Lignin-feeding insect gut is a natural ligninolytic microbial bank for the sustainable conversion of crop straw to biogas. However, limited studies have been done on highly efficient microbes. Here, an efficient ligninolytic strain Enterobacter hormaechei KA3 was isolated from the gut microbiomes of lignin-feeding Hypomeces squamosus Fabricius, and its effects on lignin degradation and anaerobic digestion were investigated. No research has been reported. Results showed that strain KA3 had better lignin-degrading ability for corn straw with a higher lignin-degrading rate (32.05%) and lignin peroxidase activity (585.2 U/L). Furthermore, the highest cumulative biogas yield (59.19 L/kg-VS) and methane yield (14.76 L/kg-VS) were obtained for KA3 inoculation, which increased by 20% and 31%, respectively, compared to CK. Higher removal rates of COD, TS, and vs. of 41.6%, 43.11%, and 66.59% were also found.
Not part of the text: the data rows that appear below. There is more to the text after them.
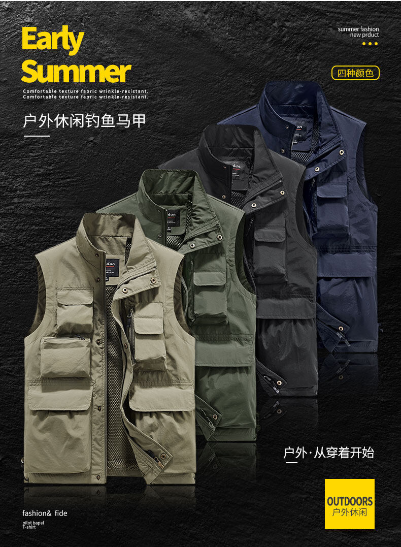 여름 새로운 야외 남자의 낚시 메쉬 멀티 포켓 조끼 캐주얼 등산 사진 조끼 남자스토어 가기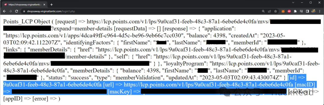 这些密钥包括了客户的授权令牌,但更有趣的是,里面还泄露了“macID”和“macKey”值,我们推测这些是维珍在 points.com 生产租户账户中使用的密钥!
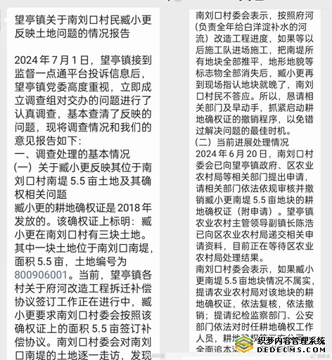 为了维护自己的正当权益,本人便开始在网上进行信访申诉。不多久,在上级部门过问下,望亭镇政府煞有介事地出台了一份《望亭镇关于南刘口村民臧小更反映土地问题的情况报告》。令人愤懑的是,这份报告始而贯终以南刘口村委会一面之词为口实,颠倒黑白、信口雌黄,对本人的正当诉求不屑一顾。南刘口村委会本身就是恶搞的始作俑者,而望亭镇政府还以其口实为凭,这不明显是沆瀣一气吗?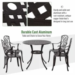 Outsunny 4-Seater Cast Aluminium Outdoor Garden Table & Chair Set – Brown – 84B-346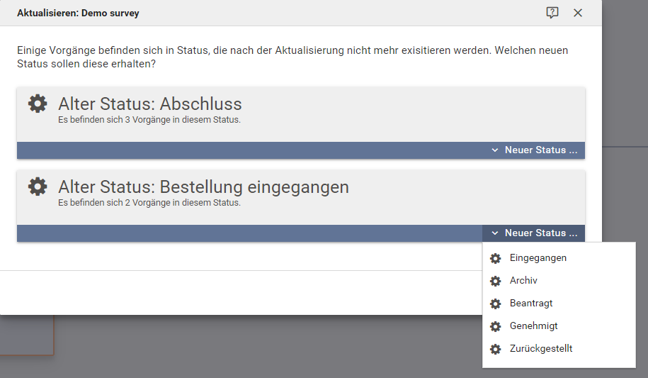 Eine manuelle Statuszuordnung durch den Benutzer ist nur dann nötig, wenn es Status gibt, in denen sich Vorgänge befinden und für die, basierend auf dem Namen, kein passender neuer Status gefunden werden konnte.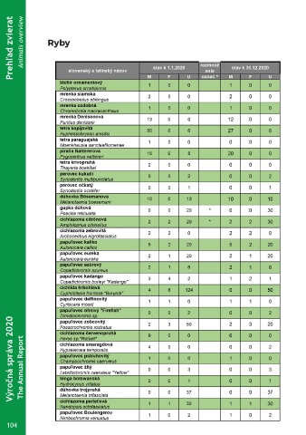 Prehľad zvierat Animals overview Ryby Výročná správa 2020 The Annual Report 104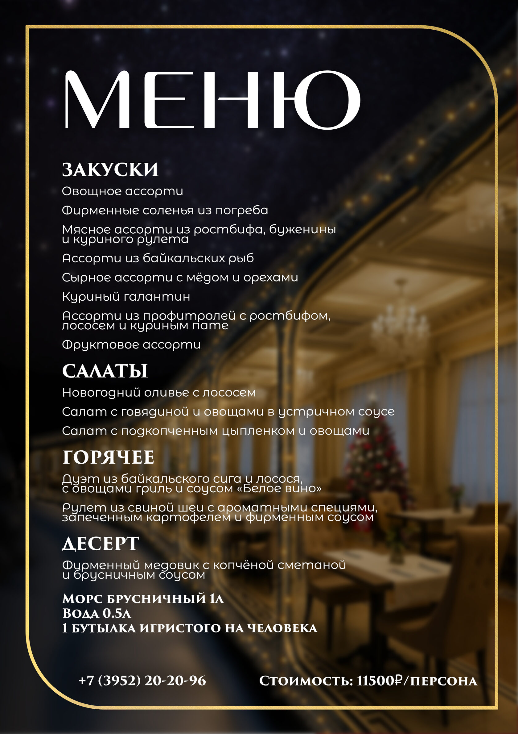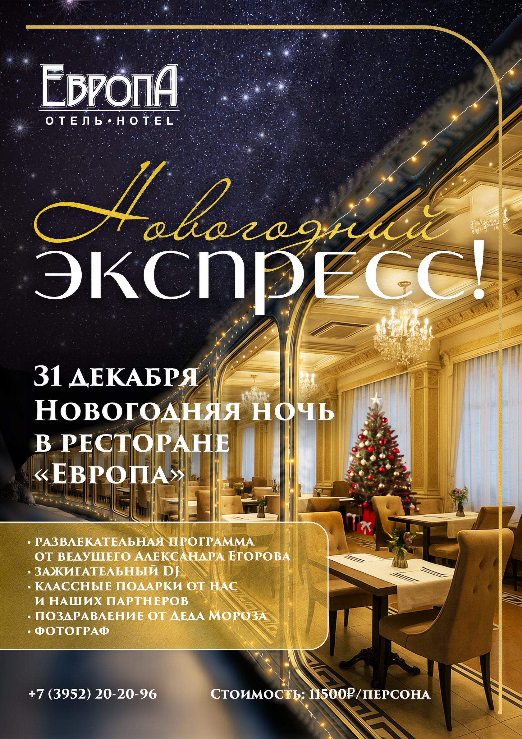 В эту ночь ресторан превратится в экспресс, который перенесёт вас в мир новогодней сказки: свет гирлянд, аромат изысканных блюд, звуки музыки и искренний смех гостей создадут атмосферу, которую невозможно забыть.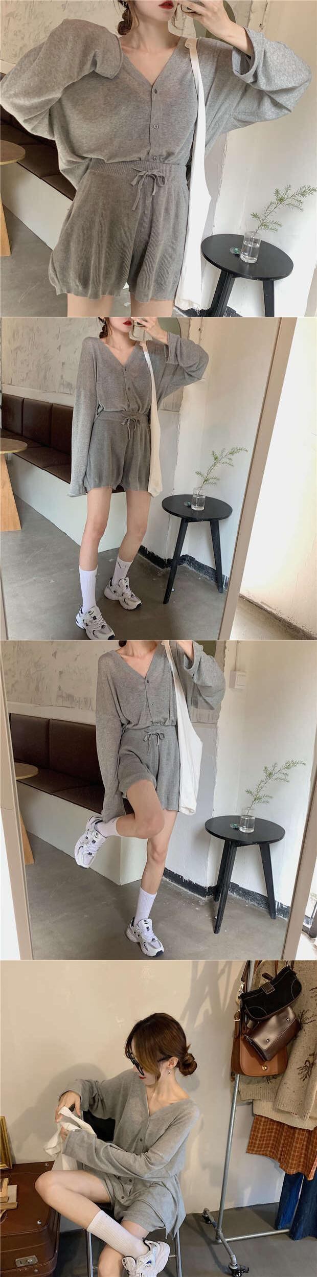 秋物ルーズVネックセーター コート ショーツ ロング オータム 長袖 MONROE39512349140

Moreover, microbial community diversity increased as digestion time prolonged in TG, and bacteria were more diverse than archaea. The dominant genus taxon, for methanogens, was Methanosate in TG, while in CK was Methanosarcina . For bacteria, dominant taxa were similar for all groups, which were Solibacillus and Clostridium . Therefore, strain KA3 improved the methane conversion of the substrate. This study could provide a new microbial resource and practical application base for lignin degradation.

Suggested Citation

  • Qing Zhang & Jing Zhang & Shuai Zhao & Peizhi Song & Yanli Chen & Pu Liu & Chunlan Mao & Xiangkai Li, 2021. "Enhanced Biogas Production by Ligninolytic Strain Enterobacter hormaechei KA3 for Anaerobic Digestion of Corn Straw," Energies, MDPI, vol. 14(11), pages 1-13, May.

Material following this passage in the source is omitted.